HELP PLEASE! Write a quadratic function that passes through the point (-1,9), has an axis of symmetry of x=-3 and a minimum value of 7.

Answer 1

Answer:

$y = \frac{1}{2}x^{2} - 3x + 11.5$

Step-by-step explanation:

Vertex form of a quadratic equation;

$y = a( x - h )^{2} + k$

Vertex of the parabolas (h, k)

The vertex of the parabola is either the minimum or maximum of the parabola.

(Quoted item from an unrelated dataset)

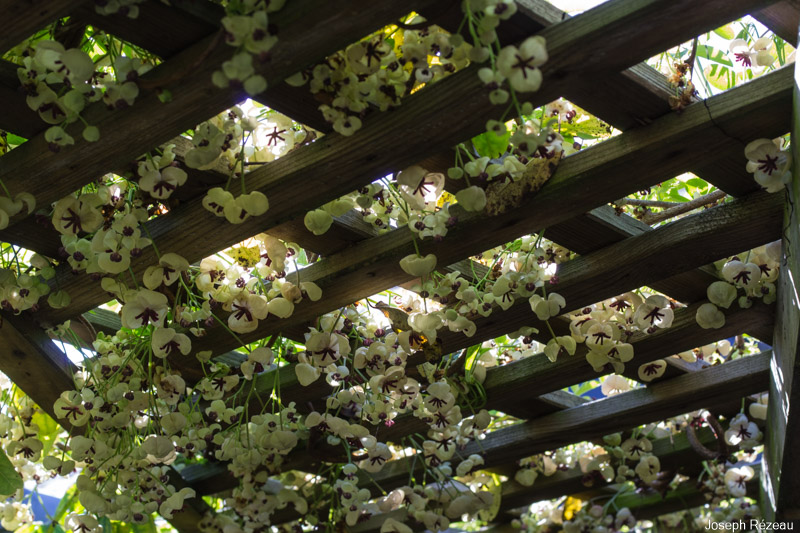 Eine Kletterpflanze mit duftenden Blüten in ungewöhnlicher cremefarbener bis gelber Farbe und essbaren Früchten.

The axis of symmetry goes through the x-coordinate of the vertex, hence h = -3. The minimum of the parabola is the y-coordinate of the vertex, so k= 7. Now substitute it into the formula;

$y = a ( x + 3 ) ^{2} + 7$

Now substitute in the given point; ( -1, 9) and solve for a;

$9 = a( (-1 ) + 3)^2 + 7\\9 = a (2)^{2} + 7\\9 = 4a + 7\\-7 -7\\2 = 4a\\\frac{1}{2} = a$

Hence the equation in vertex form is;

$y = \frac{1}{2}(x - 3)^{2} + 7$

In standard form it is;

$y = \frac{1}{2}x^{2} - 3x + 11.5$